In order to build a trading system for the 21st Century that honors our values and expands opportunity, we must do more to ensure that spirited economic competition among nations never becomes a race to the bottom in environmental protections, consumer protections or labor standards. We should be leveling up, not leveling down [emphasis added].(1)

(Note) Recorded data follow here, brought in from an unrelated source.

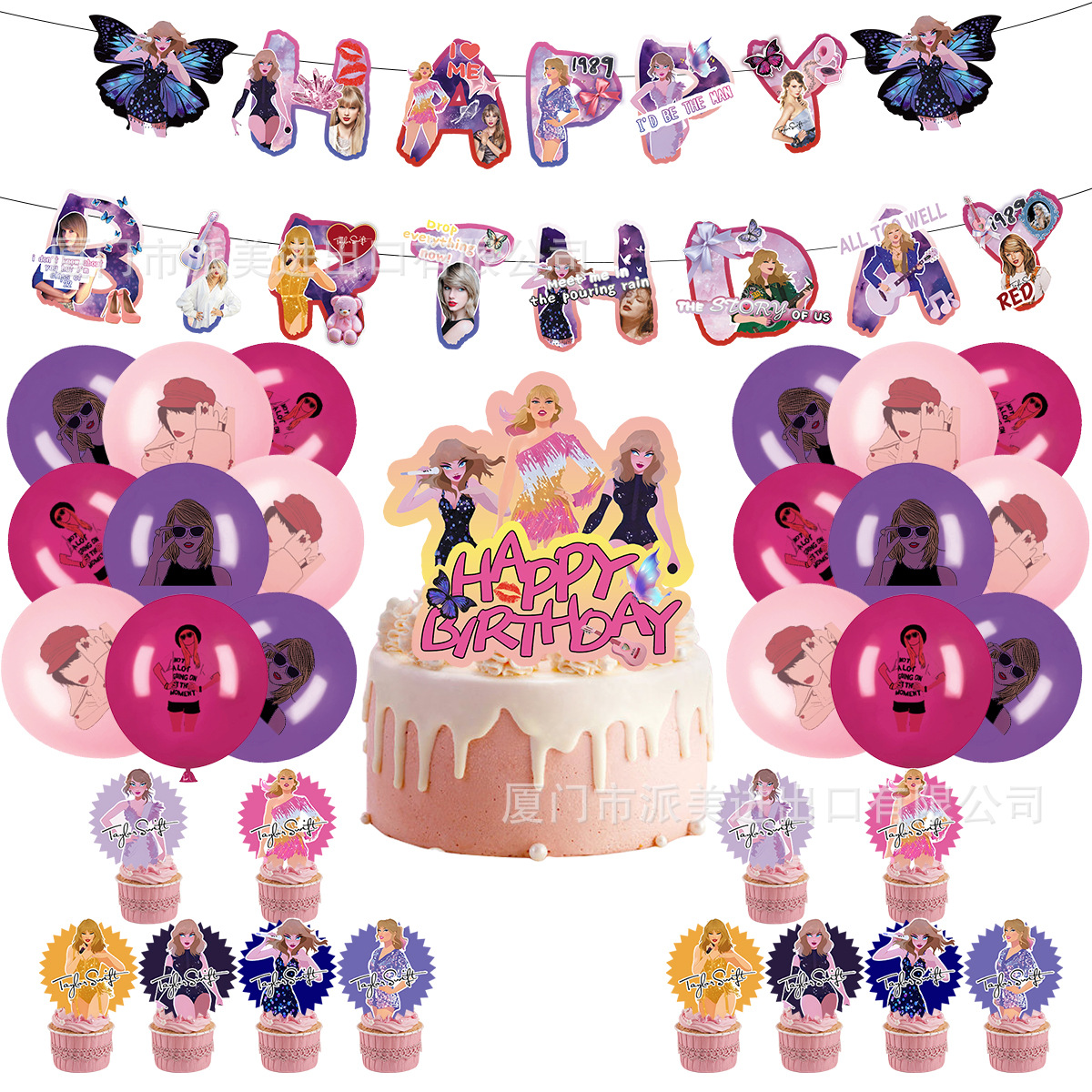 套装包括:1条拉旗+18个乳胶气球+12个蛋糕插旗+1个蛋糕插牌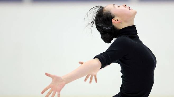 ▲ 피겨 스케이팅 여자 싱글 김채연이 11일 서울 노원구 태릉선수촌 실내빙상장에서 공개 훈련하고 있다.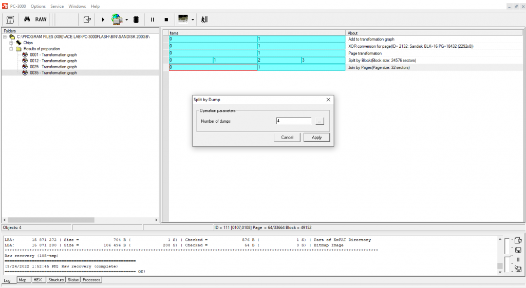 接下来,我们分割转储(软件将自动选择要分割的转储数量,这取决于NAND内部的LUN数量):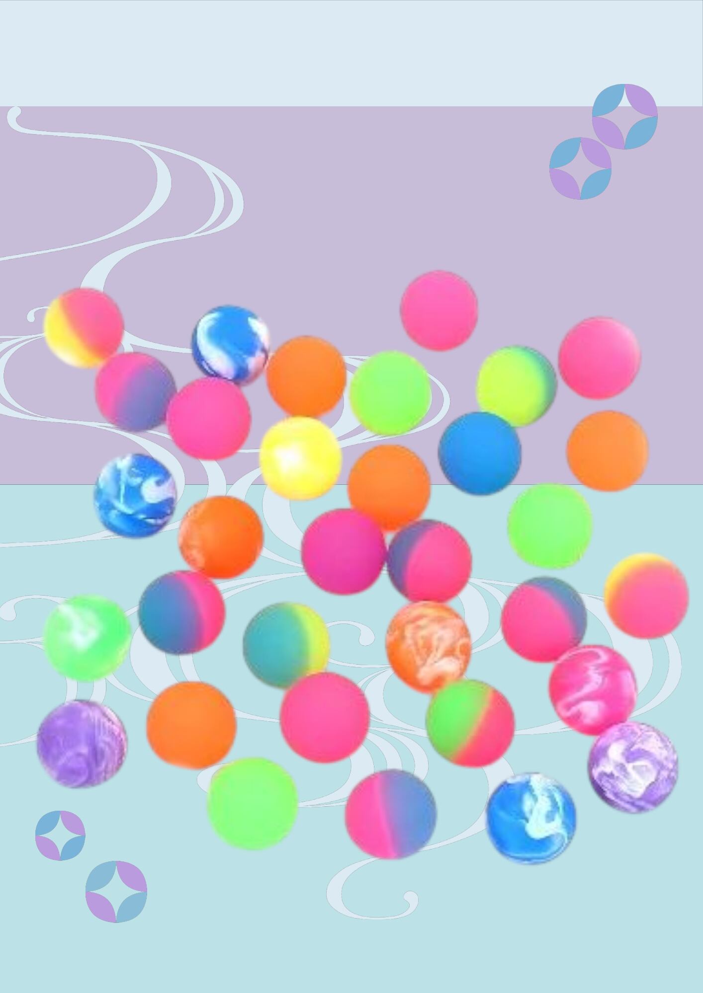 直径38mm。色・ツートンカラー・マーブル模様が入った「スーパーボールミックスアソート38mm」です。

We further request that meetings of the NAFTA Sanitary and Phytosanitary Committee and the NAFTA Fish and Fishery Product Inspection Technical Working Group be opened to officially recognized consumer organizations with expertise in this area. Since September 1999, we have made three formal requests to attend meetings of these groups but have received no responses whatsoever to our requests. The President also told the WTO at its recent meeting in Seattle, Washington that trade proceedings should be more open to the public. He stated:

We can do it a little bit now and little bit later. We can drag our feet, or we can run through an open door. But my preference is to open the meetings, open the records, and let people file their opinions.(2)

In order to give credence to the President's words, the U.S. should implement this policy in its own back yard and work aggressively to open up meetings of these NAFTA groups to qualified NGOs that represent consumer interests. In this regard, we note that CSPI has long worked on the matter of seafood safety, maintains offices in both the U.S. and Canada, and has been granted observer status at meetings of the Codex Alimentarius sponsored by the United Nations Food and Agriculture Organization and the World Health Organization.

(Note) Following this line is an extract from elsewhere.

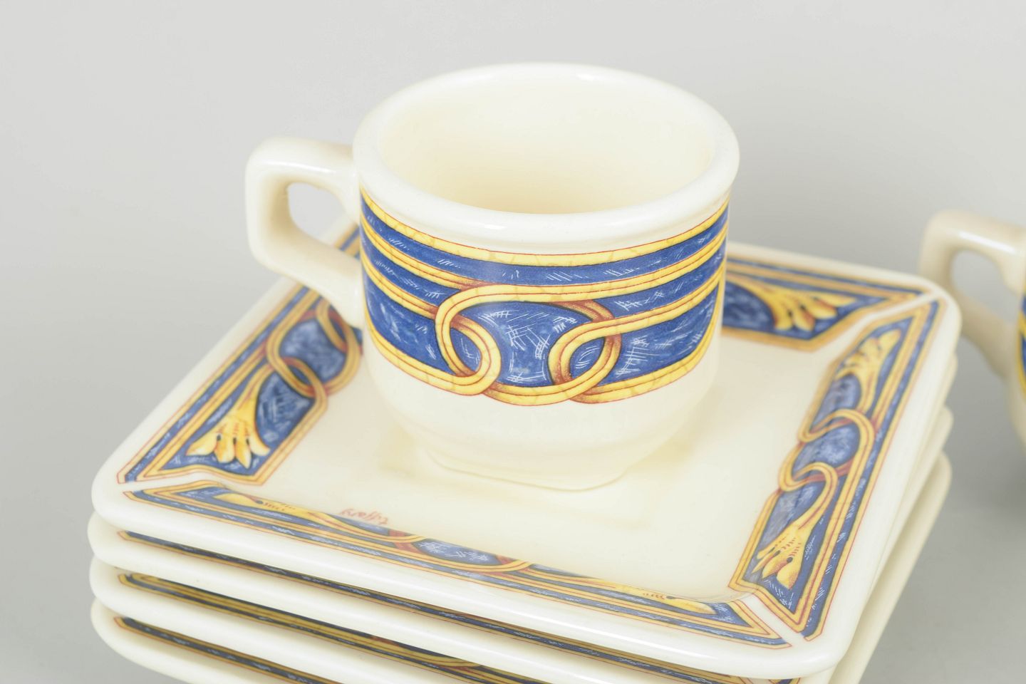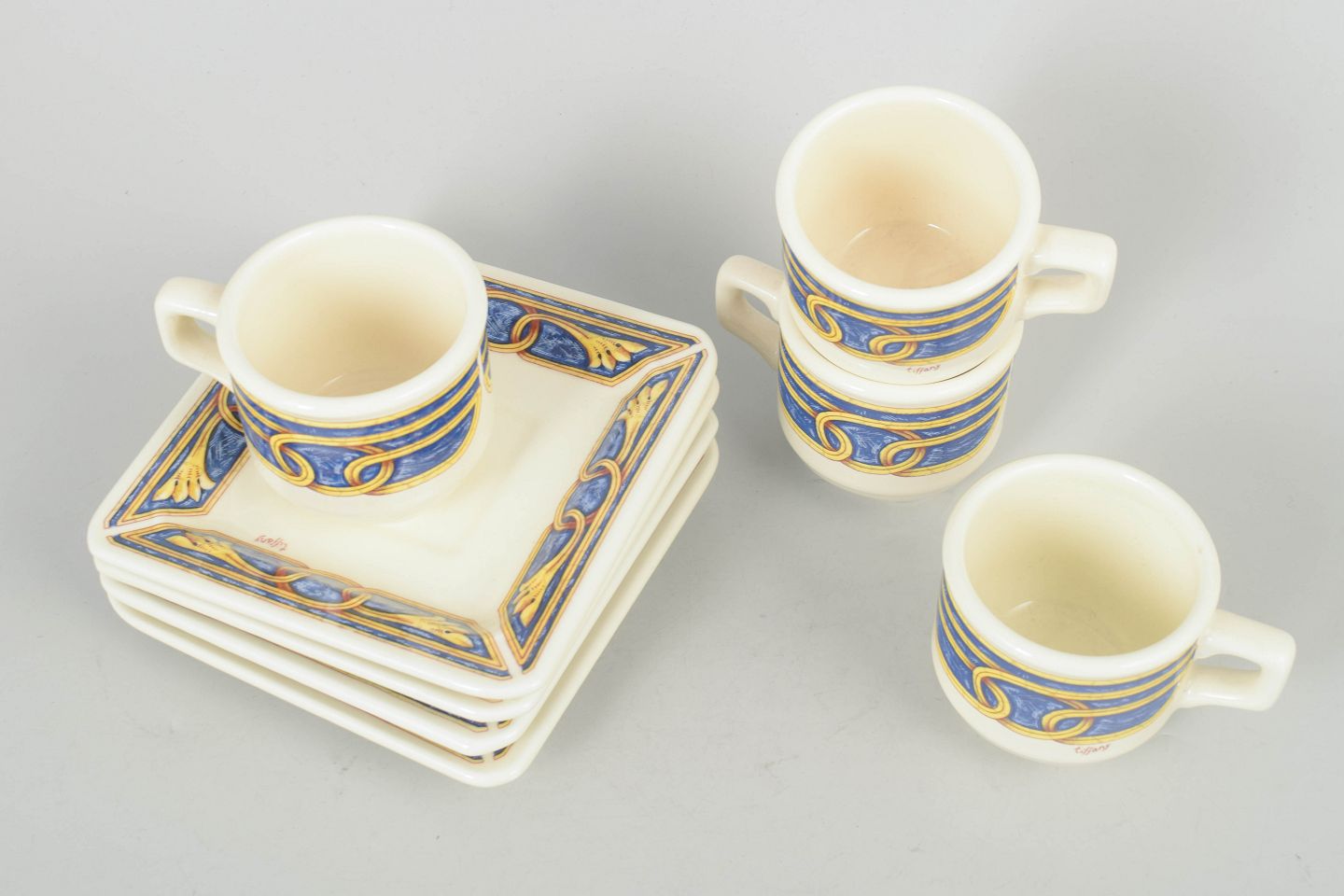 Tiffany Boutique, sæt af fire espressokopper med underkopper.Dekorativt sæt i keramik bestående af fire espressokopper med tilhørende underkopper, dekoreret i blå, gule og gyldne toner med ornamentale mønstre.

We would be pleased to meet with you concerning this matter. Please let us know if our office can be of assistance. Because these issues involve matters of concern to the FDA, a similar letter has been sent to the FDA commissioner Dr. Jane Henney.



Bruce Silverglade
Director of Legal Affairs


Darren Mitchell
Staff Attorney


Dr. Catherine Woteki
Undersecretary of Agriculture for Food Safety


1. President William Jefferson Clinton, Statement to the World Trade Organization, (May 18, 1998).

2. President William Jefferson Clinton, Statement to the World Trade Organization, (December 1, 1999.)